Bacterial Removal by Inexpensive Portable Water Treatment Systems for Travelers


0. Schlosser, C. Robert, C. Bourderioux, M. Rey, and M.R. de Roubin


Background: There are many personal, portable water treatment systems for travelers on the market, including chemical agents, iodine resin purifiers and filters.  However, information on the real efficacy of these systems in the field is often lacking. We have therefore estimated the capabilities of several inexpensive personal portable water treatment systems for travelers to remove bacteria in various situations of water quality, using stressed indigenous strains of bacteria.


Methods: Four chemical agents (Drinkwell chlorine, Hydroclonazone, Aquatabs, 2% iodine in ethanol), two iodine resin purifiers (the straw PentaPure Outdoor Ml-E, the PentaPure Traveler purifying and filtration system) and four filters (the flexible bottle Pres2Pure, the hand-pump filters Mini Ceramic, First Need Deluxe, and WalkAbout) were evaluated in triplicate using both turbid and clear water at 25°C.  Bacteria were counted by conventional culturing techniques, colori­metric and fluorescent assays of coliforms and Escherichia coli enzyme activities (Colilert/Quantitray method), and viable but not culturable bacteria were assessed quantitatively by 5-cyano-2,3-dilotyl-tetrazolium staining.

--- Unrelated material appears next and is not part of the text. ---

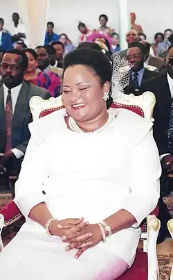 Bobi Ladawa Mobutu was known for promoting issues such as health, education and women's rights.[1] She was also customarily addressed as "Citizen Bobi" or "Mama Bobi", and frequently accompanied her husband abroad. Reportedly, she was involved in the corruption that occurred during Mobutu's rule. In 1996, a government minister who feared that he was about to be sacked in an upcoming cabinet reshuffle flew to Mobutu's palace at Gbadolite to visit the president and his family, carrying a million US dollars in his briefcase as a gift for Bobi Ladawa. When the reshuffle came, he was promoted to deputy prime minister.[4]

Results:  The best systems were the three hand-pump filters, Mini Ceramic, First Need Deluxe and WalkAbout. All had a submicron filtration element that completely removed 3 log (99.9%) or more of viable bacteria, and no coliforms or E. coli were detected in the effluent. The PentaPure Traveler removed more than 99.3% of the viable bacteria. The only chem­ical agents that gave a bacterial inactivation of over 2 log in clear water were the Drinkwell chlorine, the Aquatabs and the 2% iodine in ethanol.  The three other devices, Hydroclonazone, Outdoor Ml-E and Pres2Pure performed poorly, as coliforms and E. coli were detected in the treated water by the Colilert method. The chemical agents and the iodine resin straw performed poorly on raw river water; coliforms and E. coli were detected in the treated water.


Conclusion: These data demonstrate the differences between the systems tested. The effectiveness of other devices on the market should also be tested, so as to help travelers and hikers select the most appropriate portable water treatment system.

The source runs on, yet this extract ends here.